Derrota do meio ambiente

Com a aprovação pelo Senado de prorrogação do prazo para o fechamento dos lixões a céu aberto, foi dado mais um passo para desacreditar a Lei 12.305 que instituiu a Política Nacional de Resíduos Sólidos e tem como um de seus pontos essenciais aquela medida. A falta de empenho de todos os que têm uma parcela de responsabilidade na observância dos prazos fixados por essa lei, em especial dos prefeitos, vem de longe - ela foi sancionada em 2010 - e é um duro golpe na defesa do meio ambiente, da qual é peça fundamental.

A proposta, de autoria do senador Fernando Bezerra (PSB-CE) - que vai agora para a Câmara, onde sua aprovação é dada como certa por causa da pressão dos prefeitos, à qual os parlamentares são sabidamente sensíveis -, estabelece novos e diferenciados prazos para o fim dos lixões, que já deveria ter ocorrido em agosto do ano passado. Para as capitais e os municípios que integram regiões metropolitanas, o prazo termina em 31 de julho de 2018; os municípios de fronteira e de população acima de 100 mil habitantes terão um ano a mais; para os que têm entre 50 mil e 100 mil habitantes, a data-limite é 31 de julho de 2020; e para os que têm menos de 50 mil habitantes o prazo é 31 de julho de 2021.

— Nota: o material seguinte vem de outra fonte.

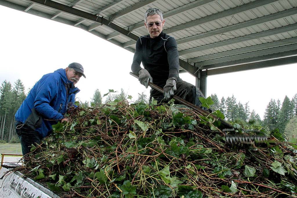 Mike Nance grabs the front end of a pickup load of invasive English ivy with his rake as volunteer John Van Dem Meerendonk helps empty the load Sunday at the Vincent Road Transfer Station.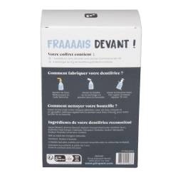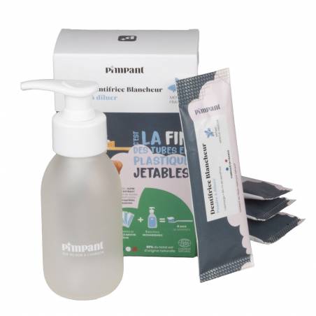Dank einer Nachfüllung von 8 g Pulver zum Verdünnen rekonstituieren Sie 80 ml Zahnpasta (entspricht einer Tube klassischer Zahnpasta). Es hat eine Geltextur wie eine klassische Zahnpasta. Die Zahnpasta enthält einen Wirkstoff, der den Zahnschmelz remineralisiert und aufhellt. Darüber hinaus sorgt es mit seinem natürlichen Minzaroma für einen frischen Atem. Diese Zahnpasta kann für Kinder ab 7 Jahren verwendet werden.

Segundo Bezerra, esses prazos generosos se justificam pelas dificuldades dos municípios para cumprir a lei. Argumenta que o fechamento de um lixão depende de outras obras, entre as quais a construção de aterros sanitários, de áreas de transbordo e o tratamento de resíduos de construção civil. Na mesma linha, a relatora da matéria, senadora Vanessa Grazziotin (PC do B-AM), afirma que a lei “não foi realista ao prever um prazo exíguo para que os municípios, especialmente os menores e mais carentes, assumissem a responsabilidade por essa tarefa complexa e dispendiosa”.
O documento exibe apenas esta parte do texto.